▶ _Recorded data_:
++++++++++

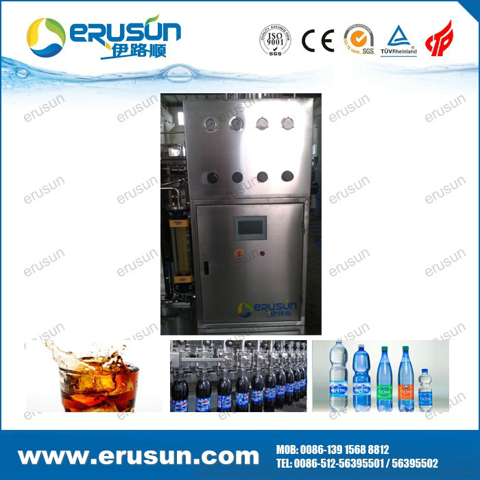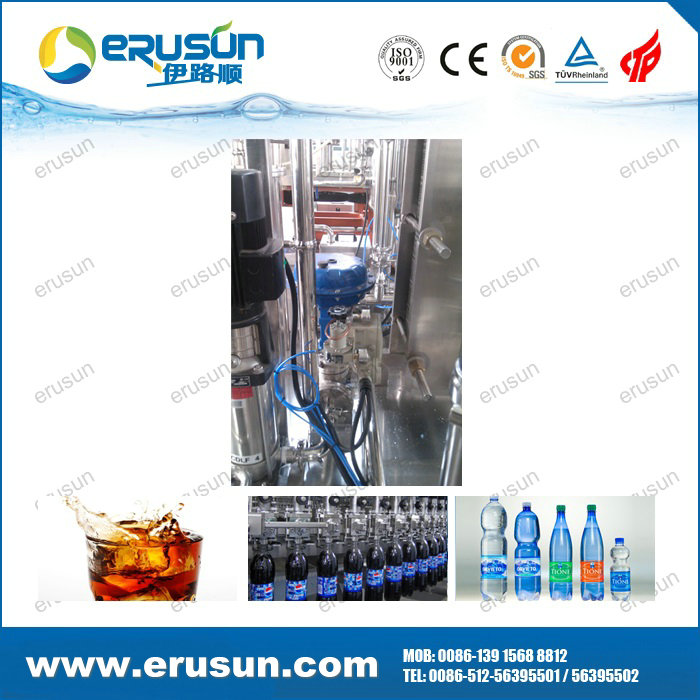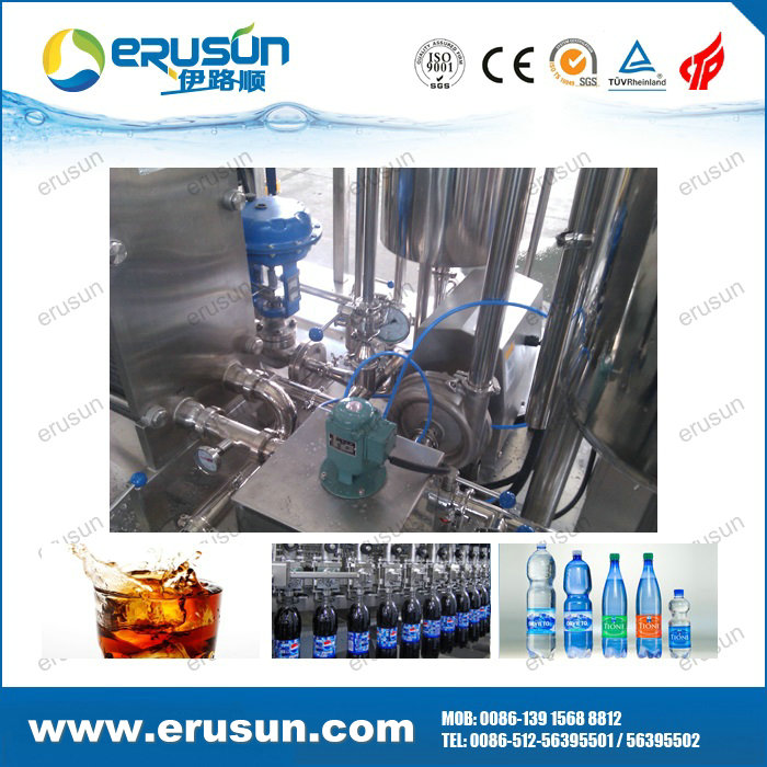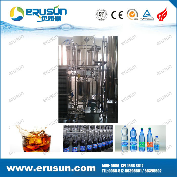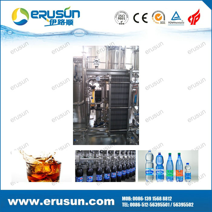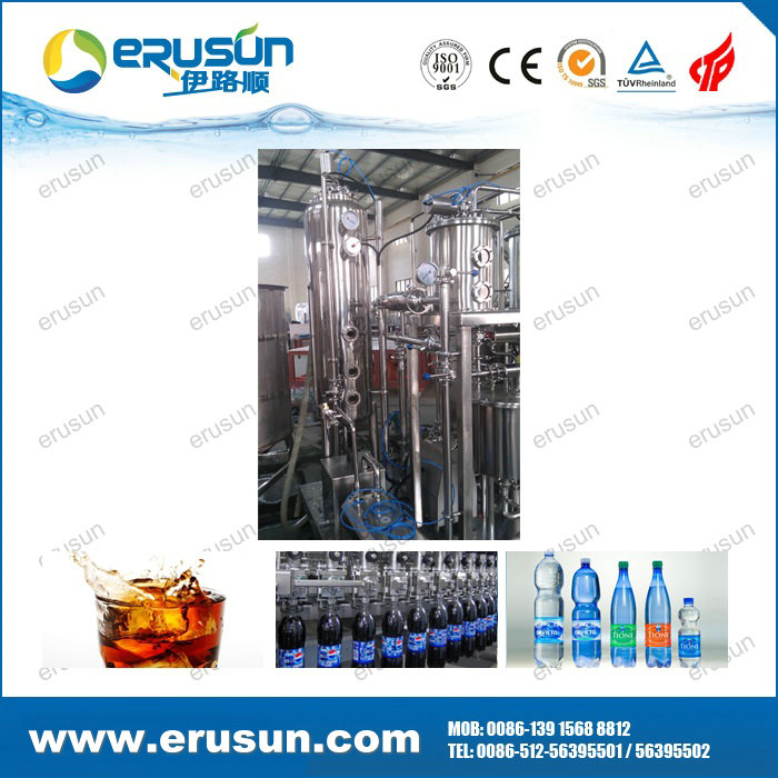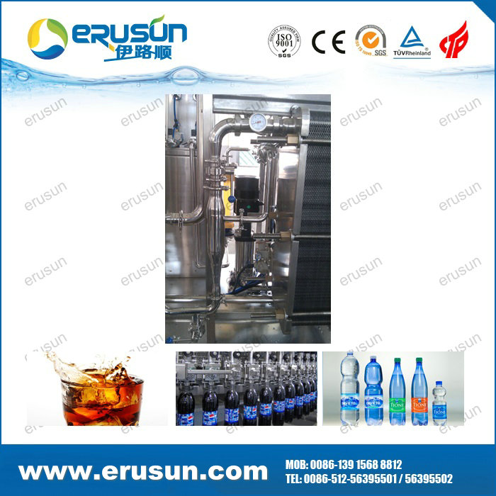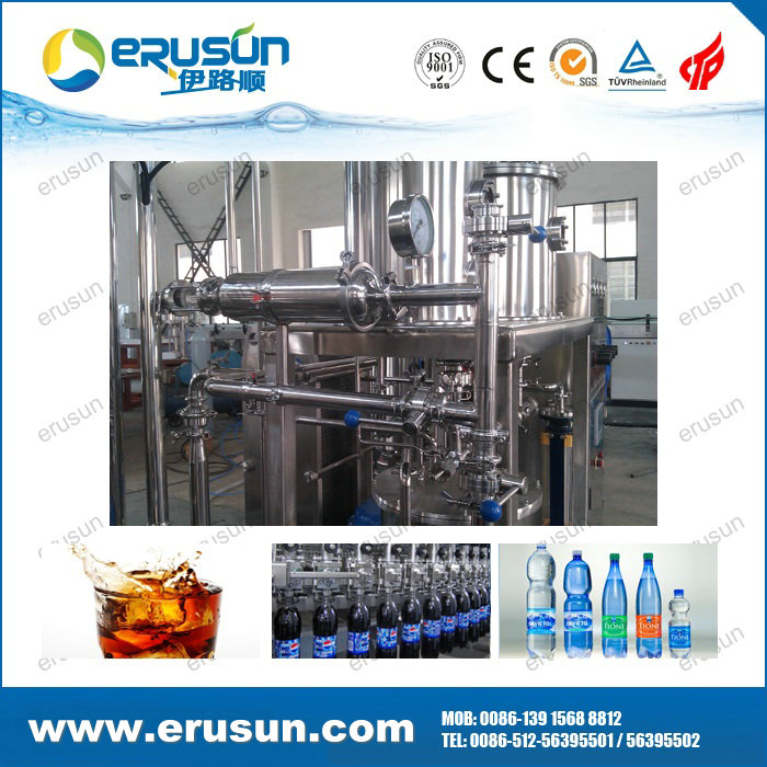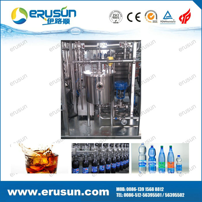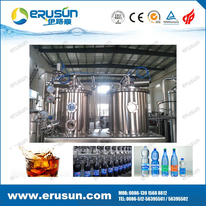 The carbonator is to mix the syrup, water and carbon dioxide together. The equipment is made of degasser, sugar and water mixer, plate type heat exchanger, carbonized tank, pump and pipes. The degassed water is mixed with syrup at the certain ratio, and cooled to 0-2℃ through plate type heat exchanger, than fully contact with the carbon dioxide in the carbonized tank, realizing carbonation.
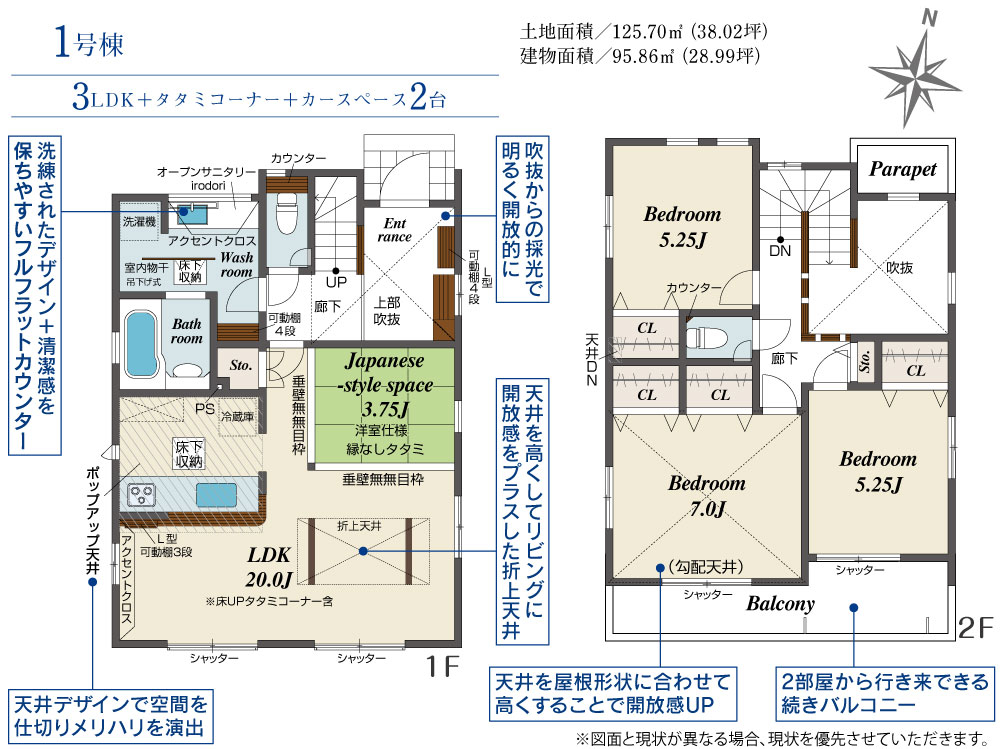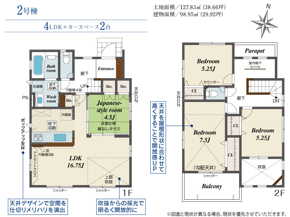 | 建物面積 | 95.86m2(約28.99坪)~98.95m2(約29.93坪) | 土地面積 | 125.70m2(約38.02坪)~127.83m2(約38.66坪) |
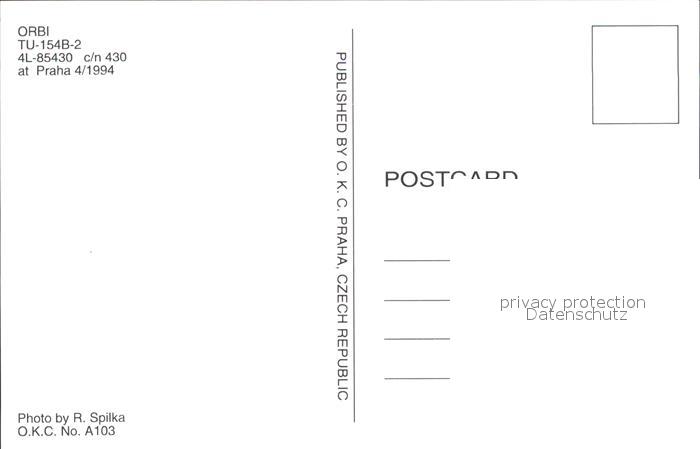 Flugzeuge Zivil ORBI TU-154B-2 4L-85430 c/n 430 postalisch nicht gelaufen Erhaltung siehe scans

++++++++++

▶ _What to do_:
If pictures appear in the data, omit them and copy all other parts exactly.

▶ _Solved exercise_:
 The carbonator is to mix the syrup, water and carbon dioxide together. The equipment is made of degasser, sugar and water mixer, plate type heat exchanger, carbonized tank, pump and pipes. The degassed water is mixed with syrup at the certain ratio, and cooled to 0-2℃ through plate type heat exchanger, than fully contact with the carbon dioxide in the carbonized tank, realizing carbonation.
 | 建物面積 | 95.86m2(約28.99坪)~98.95m2(約29.93坪) | 土地面積 | 125.70m2(約38.02坪)~127.83m2(約38.66坪) |
 Flugzeuge Zivil ORBI TU-154B-2 4L-85430 c/n 430 postalisch nicht gelaufen Erhaltung siehe scans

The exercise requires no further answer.